The sun was drooping down behind the waves as George Talboys lighted his

cigar upon this August evening. Only ten days more, the sailors had told

him that afternoon, and they would see the English coast. “I will go

ashore in the first boat that hails us,” he cried; “I will go ashore in

a cockle-shell. By Jove, if it comes to that, I will swim to land.”

 

His friends in the aft-cabin, with the exception of the pale governess,

laughed at his impatience; she sighed as she watched the young man,

chafing at the slow hours, pushing away his untasted wine, flinging

himself restlessly about upon the cabin sofa, rushing up and down the

companion ladder, and staring at the waves.

 

As the red rim of the sun dropped into the water, the governess ascended

the cabin stairs for a stroll on deck, while the passengers sat over

their wine below. She stopped when she came up to George, and, standing

by his side, watched the fading crimson in the western sky.

 

The lady was very quiet and reserved, seldom sharing in the after-cabin

amusements, never laughing, and speaking very little; but she and George

Talboys had been excellent friends throughout the passage.

 

“Does my cigar annoy you, Miss Morley?” he said, taking it out of his

mouth.

 

“Not at all; pray do not leave off smoking. I only came up to look at

the sunset. What a lovely evening!”

 

“Yes, yes, I dare say,” he answered, impatiently; “yet so long, so long!

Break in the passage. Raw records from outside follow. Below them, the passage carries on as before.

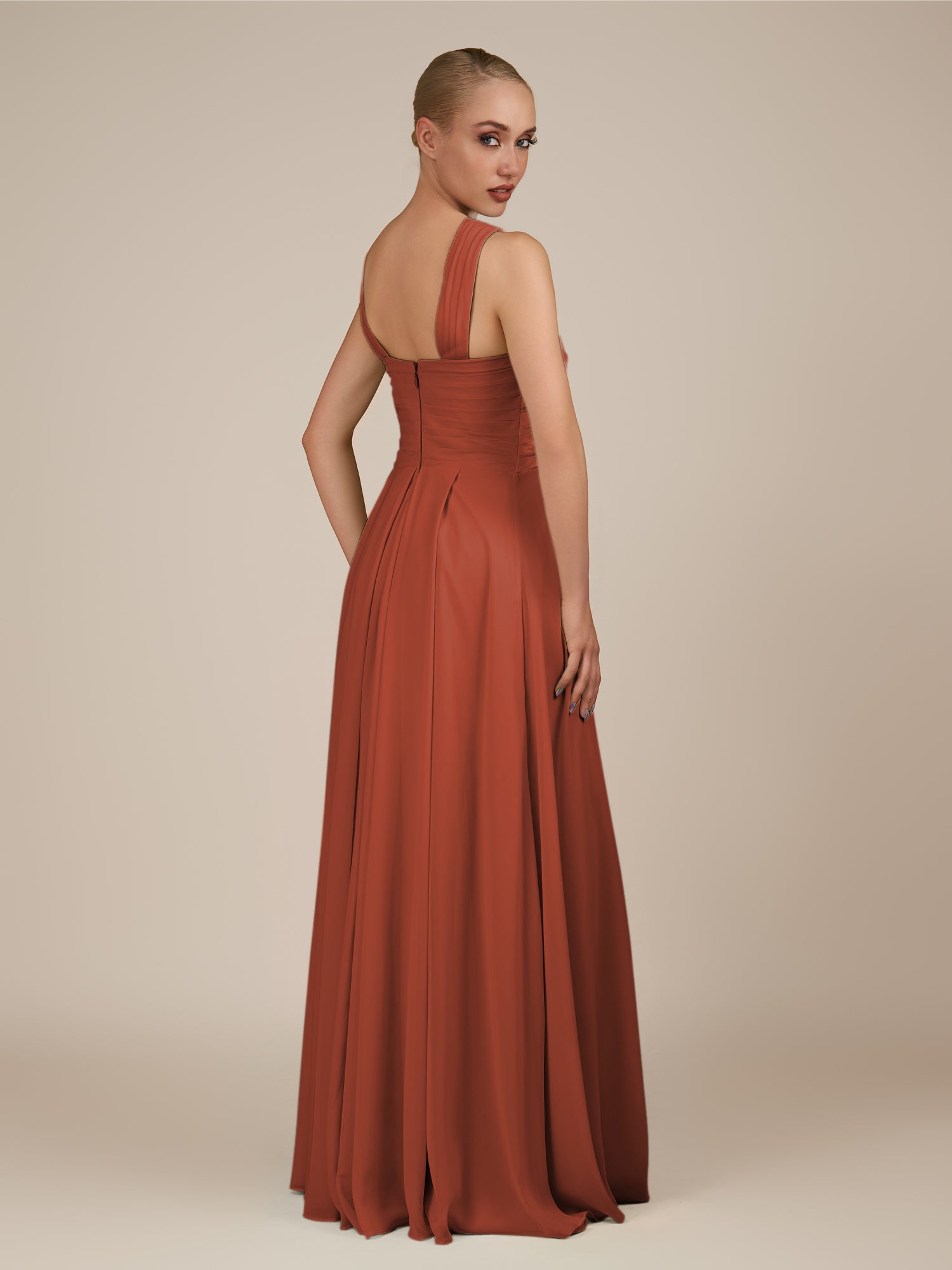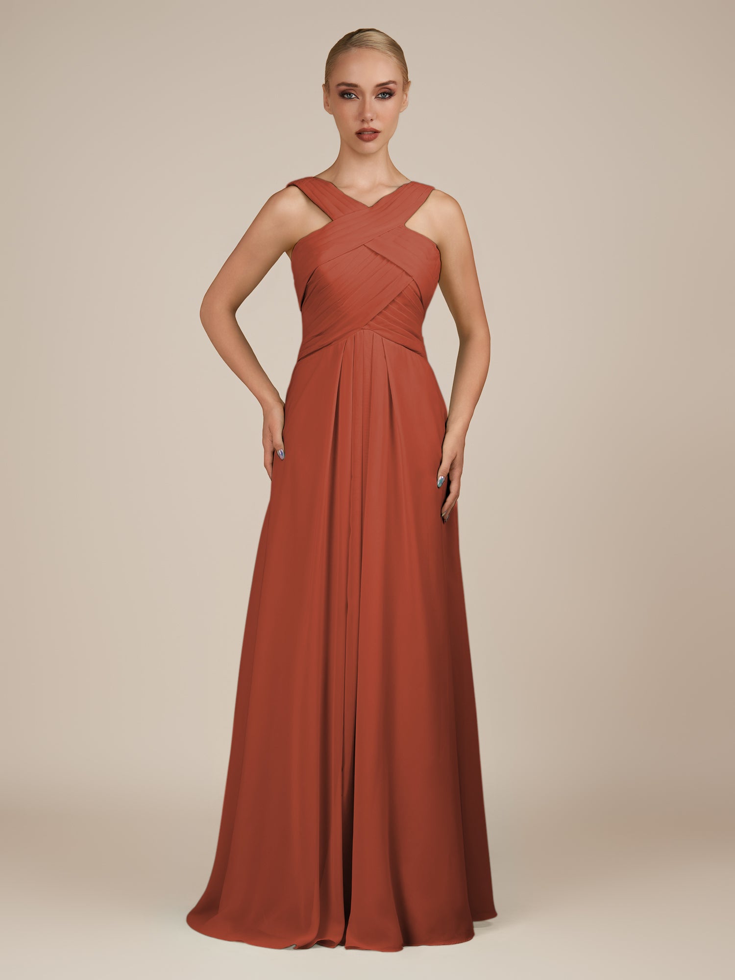 Sharlie is an elegant and refined choice for your bridal party. Crafted from soft chiffon, she features a flattering halter neckline and a sleeveless bodice for a modern, graceful look. Her floor-length A-line skirt flows effortlessly with every step, enhanced by delicate pleats that add texture and sophistication. Finished with a smooth zipper back, Sharlie combines timeless elegance with effortless style for weddings and special occasions.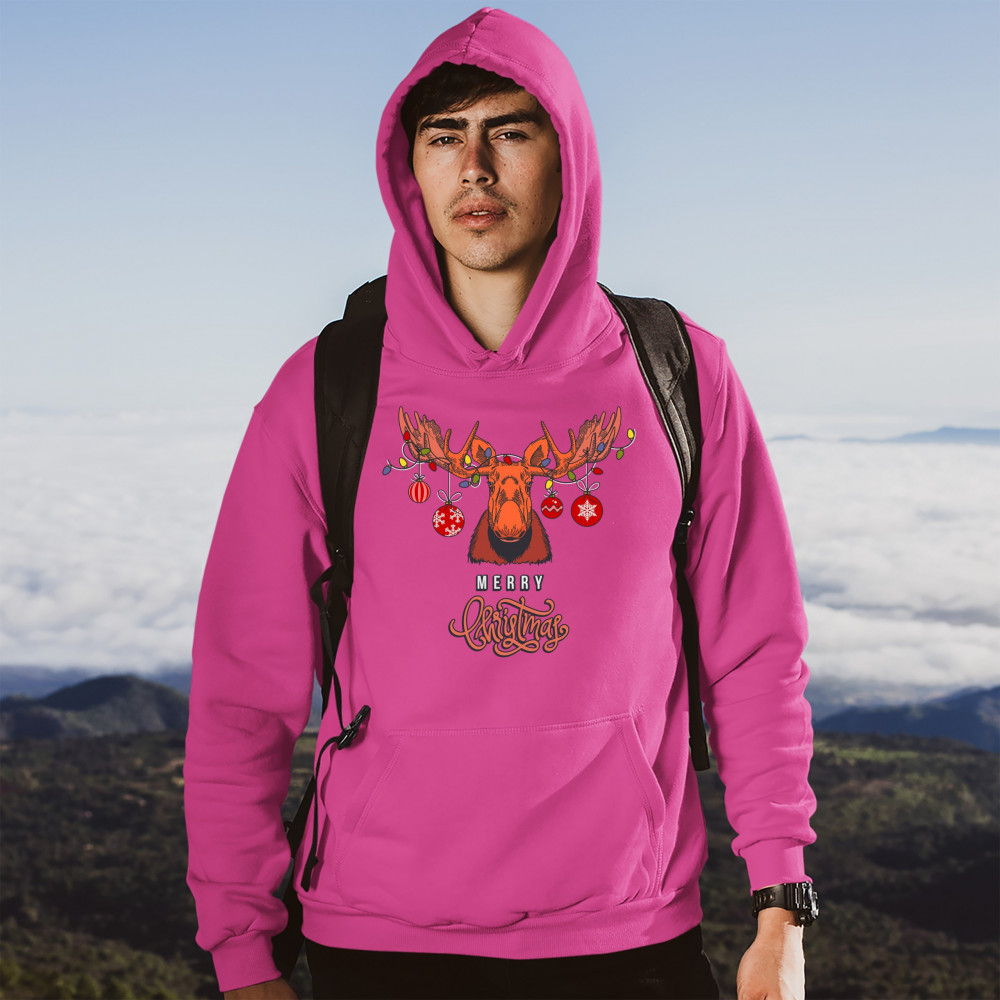 MERRY CHRISTMAS BUCK sweatshirt reindeer rudolph holiday spirit hoodie pink
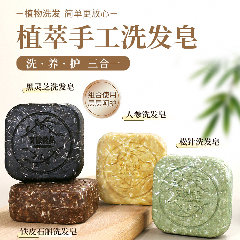 松针洗发皂人参石斛何首乌草本洗头手工皂养发氨基酸侧柏叶洗头皂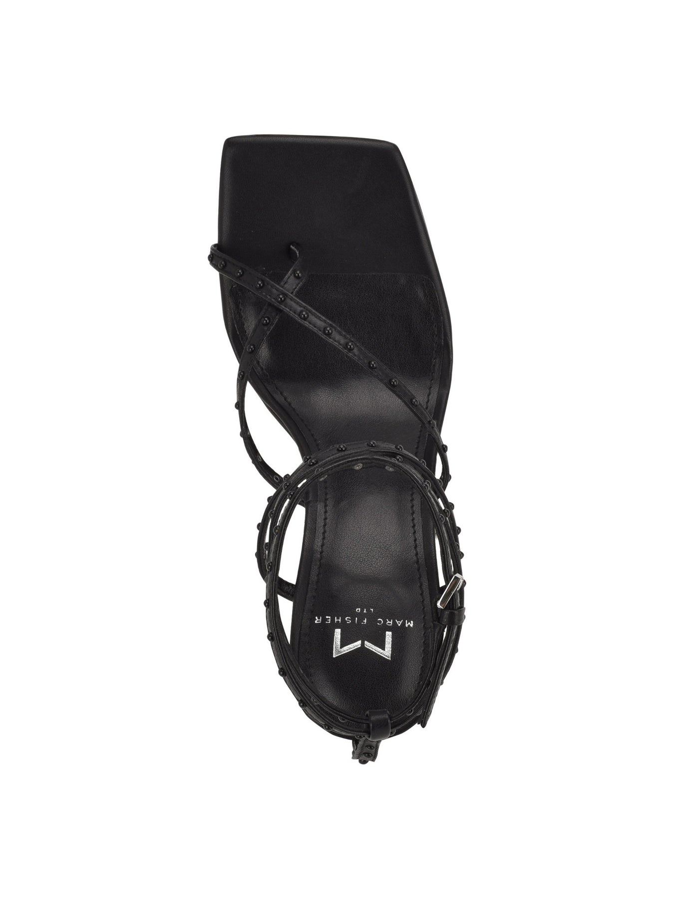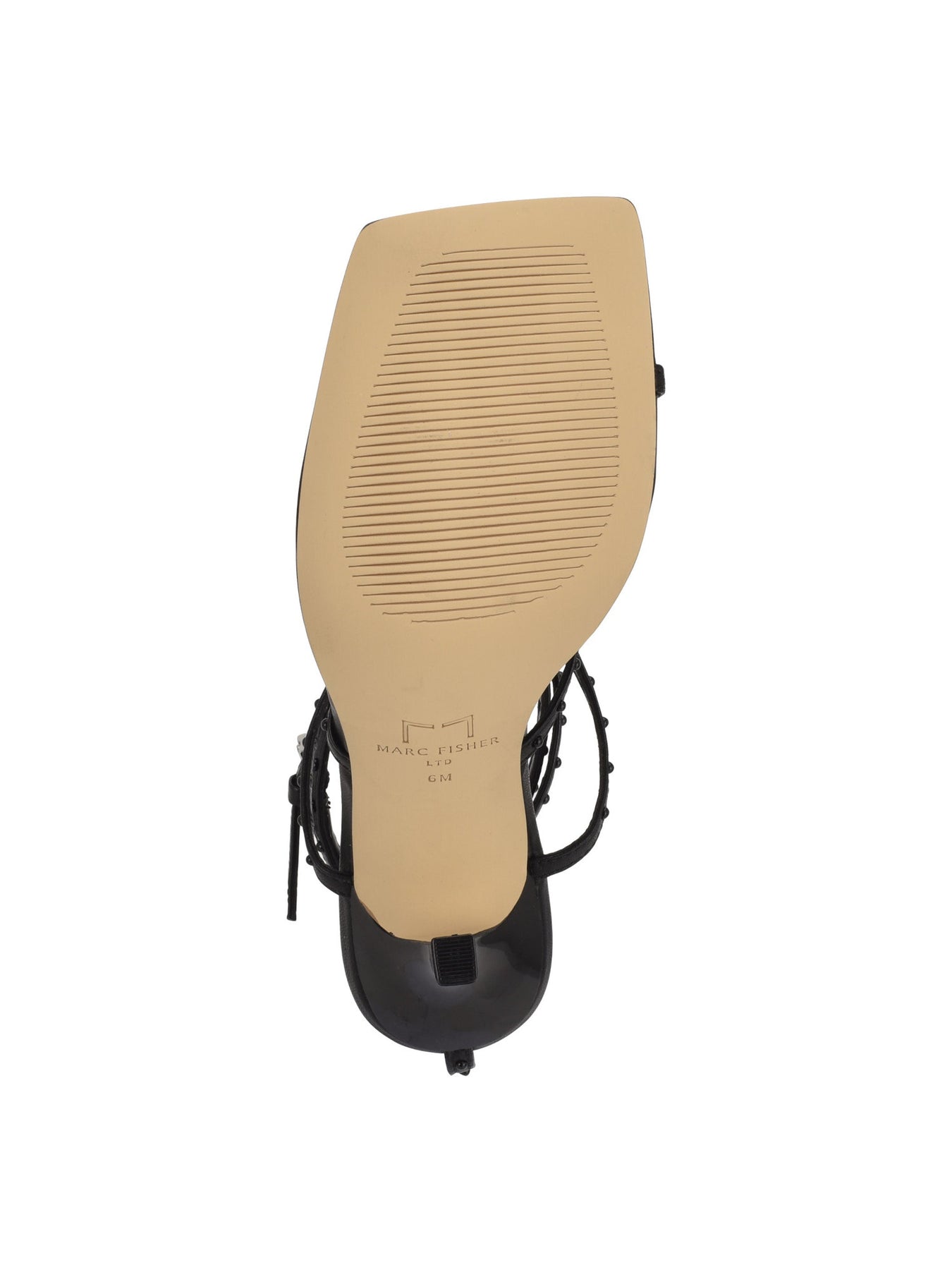 MARC FISHER Womens Black Padded Studded Ankle Strap Dallin Square Toe Stiletto Buckle Leather Heeled Sandal 6 M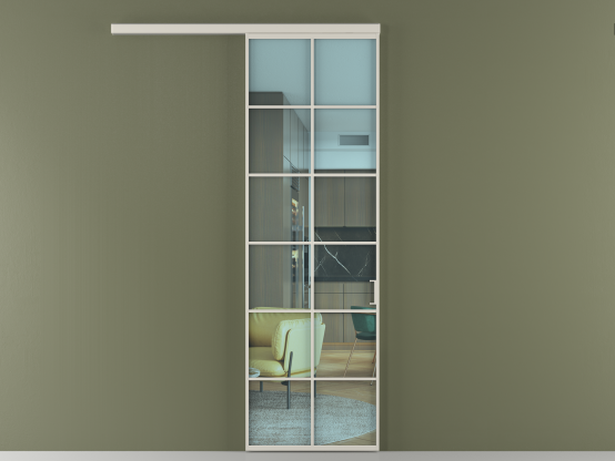 Во всех алюминиевых перегородках, независимо от типа установки, используется компланарный раздвижной механизм, благодаря которому декоративная крышка и полотно находятся в одной плоскости.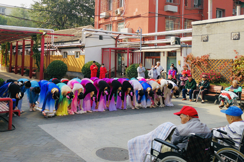 同学们献上了精心准备的专场演出,由各具特色的民族民间舞和优雅传统的古典舞组成。同学们真挚的情感、精彩的演出赢得了老人们和在场护工人员的阵阵掌声。秋色渐深,天气转凉,但今天的养老院格外温暖。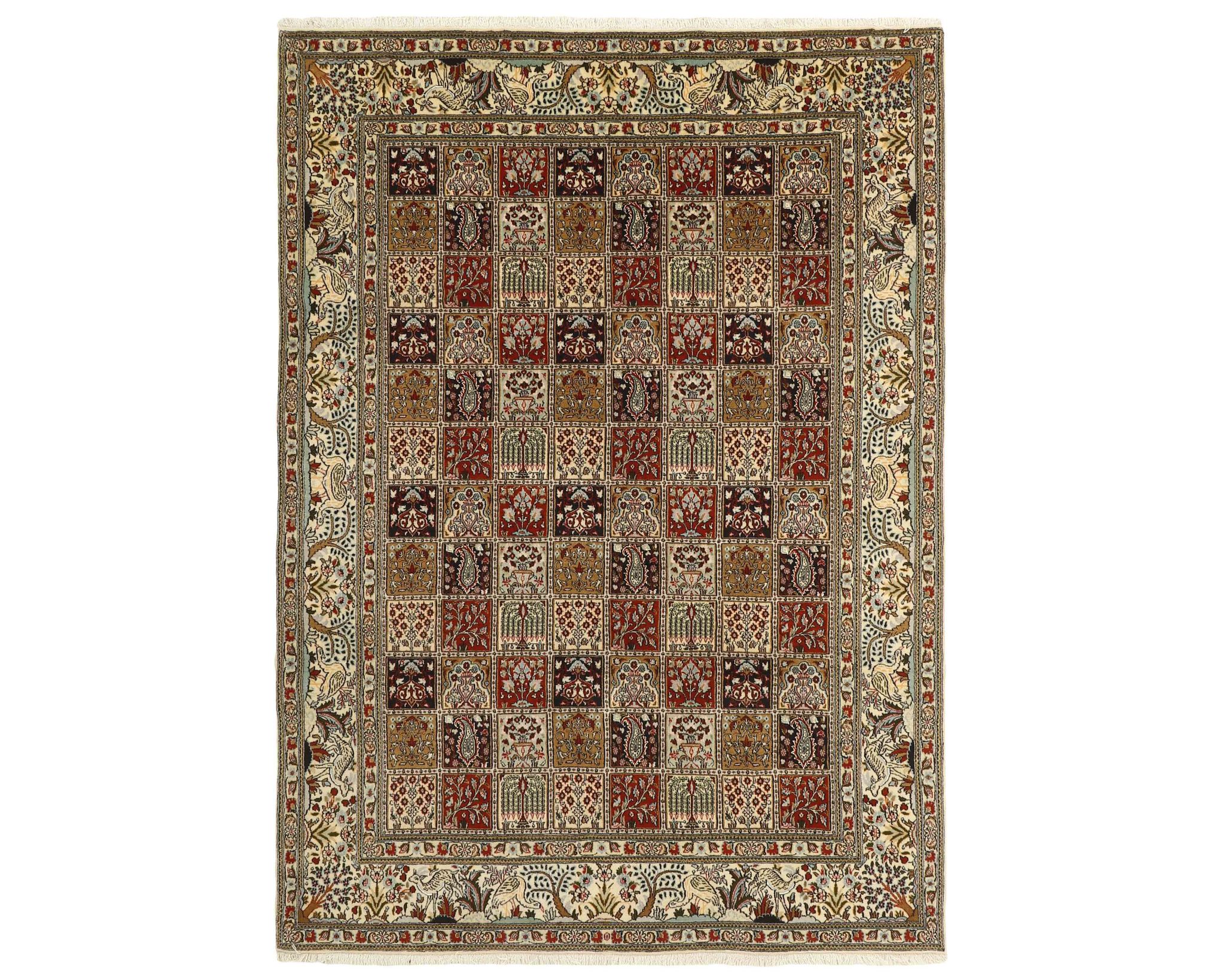 Moud Garden -matot ovat käsinsolmittuja villamattoja, joissa on puuvillinen loimi. Niiden kuviointi koostuu tyylitellystä puutarhakuvioista, jota kehystävät perinteiset persialaiset reunukset. Värimaailma on hillitty ja harmoninen, painottuen norsunluun, sinisen ja ruskean sävyihin. Solmutiheys on 250 000–350 000 solmua neliömetrillä. Käyttämätön.

Ten more interminable days and ten more weary nights before we land.”

 

“Yes,” said Miss Morley, sighing. “Do you wish the time shorter?”

 

“Do I?” cried George. “Indeed I do. Don’t you?”

 

“Scarcely.”

 

“But is there no one you love in England? Is there no one you love

looking out for your arrival?”

 

“I hope so,” she said gravely. They were silent for some time, he

smoking his cigar with a furious impatience, as if he could hasten the

course of the vessel by his own restlessness; she looking out at the

waning light with melancholy blue eyes—eyes that seemed to have faded

with poring over closely-printed books and difficult needlework; eyes

that had faded a little, perhaps, by reason of tears secretly shed in

the lonely night.

 

“See!” said George, suddenly, pointing in another direction from that

toward which Miss Morley was looking, “there’s the new moon!”

 

She looked up at the pale crescent, her own face almost as pale and wan.

 

“This is the first time we have seen it.”